The main difference between the MATE workbench and other annotation tools is its
flexibility. Any annotation scheme which can be expressed in XML [7] can be used
with the workbench (for a discussion of overlapping hierarchies see below), and the
display and annotation interfaces are defined using a language based on the
stylesheet language XSLT [8]. The workbench is written entirely in Java and is
therefore platform independent.
Annotation can be a very tedious task for humans, and many tools have been developed
to make it easier. We conducted a review of some existing annotation tools before
beginning development of the workbench [3], and many of them have in common a fixed
user interface or a restriction to a particular coding scheme. One tool which has
some similarities to MATE is GATE [1], which can also be used with any annotation
scheme, but has a different internal architecture, based on the US Tipster
architecture rather than XML, and a main aim of making it possible to integrate
different automatic annotation components within one system. MATE aims to provide a
framework where stylesheets can be used to provide user-defined annotation and
display interfaces. Because the stylesheet language is quite high level, it is
easier to write a stylesheet to provide a given interface than to write an entire
coding tool from scratch.
The MATE project has developed annotation schemes for five sets of linguistic
phenomena, and examples of markup using these schemes will be distributed with the
workbench, along with stylesheets for their annotation and display. Users of the
workbench are by no means limited to these schemes, however.
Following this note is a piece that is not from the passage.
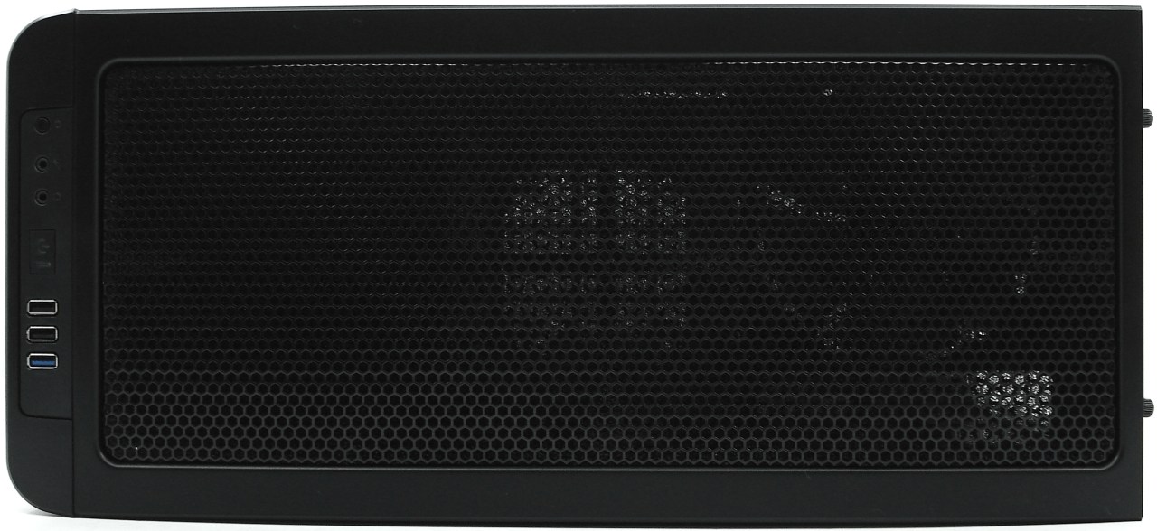 El lomo de la Arc Midi es otra de las caras muy bien estudiadas para aprovechar al máximo el espacio que dispone. 3 Ventiladores es capaz de albergar (3 de 12cm, o 3 de 14cm o 1 de 18cm; ahí es nada), con un lomo que tapa con personalidad esta parte con su filtro antipolvo, que cubre totalmente dicho lomo, con una placa perforada hexagonalmente idéntica al frontal y fácilmente extraíble por la parte de atrás, quitando 2 tornillos de fijación, al igual que los laterales. El hecho de colocar el panel superior de conexiones encima del frontal hace posible esta configuración, aprovechando al máximo la profundidad total que dispone.

To display annotated data in the workbench, a user must have a MATE project file,
which specifies one or more XML annotation or transcription files and sound files if
appropriate, and a stylesheet which is to be applied to these files. Several
examples of these will be provided with the workbench. When the workbench is
started, a corpus folder window appears with a display of all the available project
files. After selecting a project file, the user clicks on the "run" button, the
specified files are processed, and one or more display or annotation windows
appears, depending on what was specified in the stylesheet. A different stylesheet
can be used with the same files to produce different behaviour.
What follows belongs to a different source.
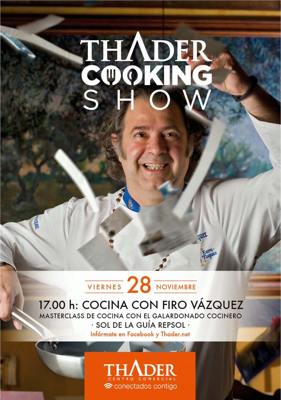 Del 17 al 29 de Noviembre el Centro Comercial Thader organizó el Thader Cooking Show, unas jornadas gastronómicas con talleres de cocina de inscripción gratuita para adultos y niños impartidos por profesionales del sector hostelero. Además se realizó un taller de personalización de delantales y un sorteo de tickets para comer en los distintos locales del centro: por la compra igual o superior a 20€ en cualquier establecimiento de Thader te daban un ticket con premio seguro.
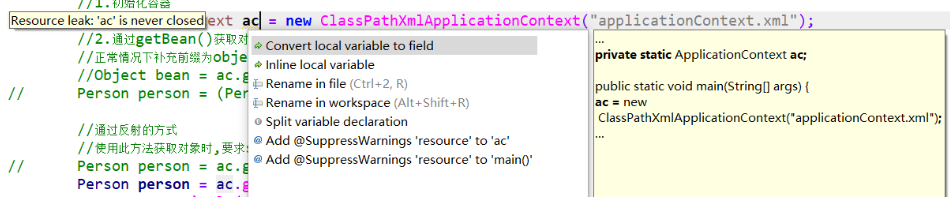 注:在初始化容器时会产生提示 ac对象没有关闭资源

The other major use of the workbench is in performing queries over a corpus. A query
language [4] was developed within the project which is tailored to our internal
representation of the data, including the treatment of multiple hierarchies as
defined below. To perform a query, the user first loads in one or more documents,
then opens a Query Window, which provides support for building complex queries. The
results of the queries are saved in XML format within the workbench, and are then
also displayed using a stylesheet, allowing a flexible representation of the
results.
One question which often comes up when XML annotation schemes are being developed is
multiple overlapping hierarchies of markup. The TEI [5] describes several possible
ways to provide overlapping in SGML. One of these, 'concur', is not possible in XML,
which was designed to be a less complicated and easier to use version of SGML, and
therefore left out some features. We have chosen to take a different approach from
any of these, but one which has been proven to be successful in at least one
large-scale corpus annotation project [2]. Our solution is to keep each level of
annotation, and each data-stream (in the case of multi-speaker conversations for
instance) separate, and to link each level to a common base-level. This base level
would normally be the smallest unit on which all the other annotations depend. This
may often be the word level, but could also be phonemes in the case of speech,
higher level units such as sentences or paragraphs or indeed anything else as
appropriate. The MATE workbench will therefore deal appropriately with any data
which are marked up in this way using hyperlinks, as defined in the XLINK proposal
[6].
Another advantage of the generality of the MATE workbench is that it makes it easier
to combine views of annotation done using different schemes on the same corpus.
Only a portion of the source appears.